The trip north from LA has been a blur.  I am closing in on Portland, OR, and it feels like I just left LA.  I slept much of yesterday, trying to get my body back up to par from the previous night’s escapade.   I was delighted to find that my cubicle, er, roomette, was on the ocean side of the train.  For a period of time in the Southern California, the train runs right next to the beach.  I mean, right next to the beach.  You could often step right off the train and into the Pacific Ocean.  Also, we saw several dolphins swimming along the coastline, and lots of people enjoying the sand and surf.

This train has a sleeping car only lounge called the “Pacific Parlour.”  I have really enjoyed having this car along for this journey.  The Parlour car, an original ATSF Hi-Level car built in the 60’s or so, has been delightfully restored and has some excellent cushioned chairs as well as meal service.  It’s been nice to have a calm relaxing meal in the Parlour rather than in the hustle and bustle of the normal dining car.

Before I knew it, we were passing through San Jose in the late evening, and I don’t remember anything past Oakland.  I awoke with the sun at 5:30ish right near Mt. Shasta in northern California.  I’m now in “familiar” territory.  I’ve ridden this part of the journey on the Amtrekkin’ trip in November, 2006.  Back then, the Coast Starlight was running about 3 hours late, and at dawn we were traveling around Lake Shasta.  Not to be seen this time, we were long past this lake this morning.

Before too long, we started climbing the Cascades, passing an area where a massive mud-slide closed the UP railroad for nearly 4 months back in January.  I had read much about it, as I was sure hoping that the repairs would be done before I left on my trip.  I didn’t appreciate the steepness of the terrain until passing through.  The train passes up and back down some significant mountain valleys and then into Eugene, OR, along Lookout Point Lake and a branch of the Willamette River.

The Sunset Limited and the Coast Starlight have been full-in fact, this Coast Starlight is completely sold out.  I think that it is great for Amtrak, but I have to admit that I really enjoyed the space available back in November, 2006, as it was a lot easier to move around and spread out.  The full coaches, I am sure, don’t allow for much R&R.  Thank goodness for sleeping cars!
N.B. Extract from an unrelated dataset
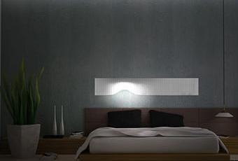 Une création à la fois futuriste et astucieuse, utilisant la technologie LED couplée à des capteurs tactiles. Sa destination première, se placer au-dessus de votre lit servant de source lumineuse de chevet sur laquelle vous pourrez choisir l’intensité et la zone à éclairer.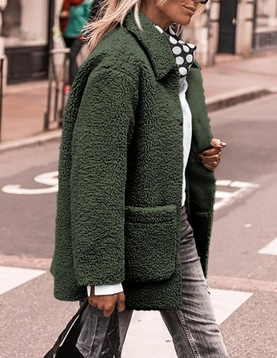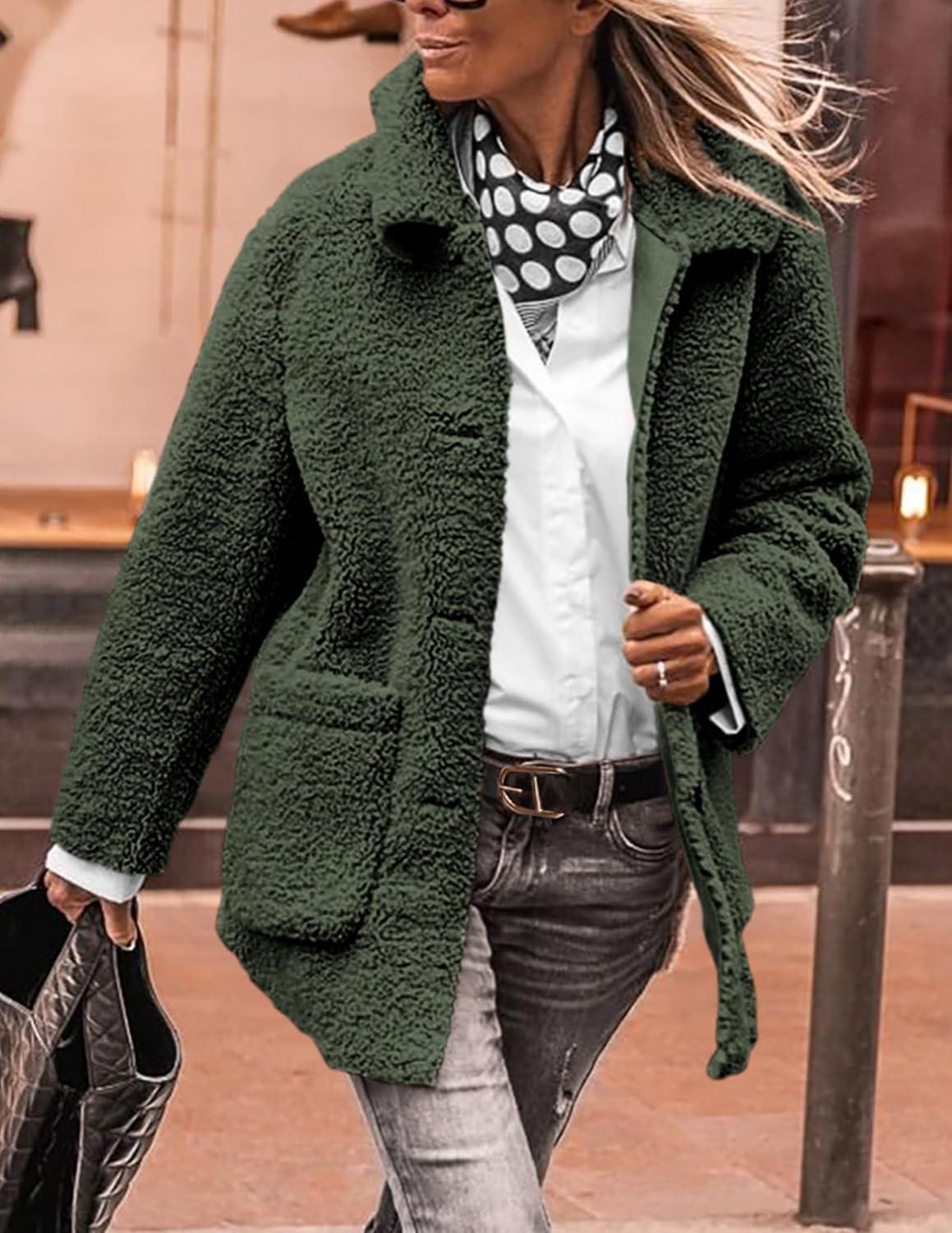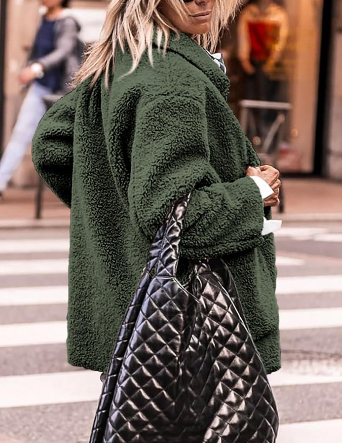 PRETTYGARDEN Women's Winter Faux Fur Coats Long Sleeve Lapel Button Down Pockets Fleece Sherpa Jacket Casual Trendy Outerwear(Dark Army Green)

On the Sunset, I had the wonderful chance to meet a professional photographer who was traveling with her son to LA and then onto Japan.  They live in rural Texas, away from most things, but were traveling to LA to meet up with family and then travel to Japan to be with their grandmother, who was performing over there.  While she was in LA, she was going to meet up with Diane Keaton, as she had just finished a coffee-table book on Southwestern architecture for her.  She did most of the photography for the work.  It was fascinating!  Her son discovered my GPS and laptop, and we spent a lot of time watching the maps go by and looking at how far we had to go.

I have also enjoyed the people of Amtrak on this trip.  I can say that I have met some wonderfully hard-working and dedicated employees that have really made it easier and much more fun to be on board.  On the Sunset, the lead service attendant (dining car manager), Keisha, did a fabulous job working dinner out of New Orleans all by herself, and handled a full train and other delays with a no-nonsense smile.  This is probably the hardest job to do on an Amtrak train, and she was doing it to the best level.  And I even found out that it was her first trip!  Way to go, Keisha!  On the Starlight, my car attendant Louie has kept everyone laughing, and the Parlour car attendant, Nanette, has made the experience delightful.  Thanks to all!

I am in Seattle now.  Two more days and I will be in Glacier National Park!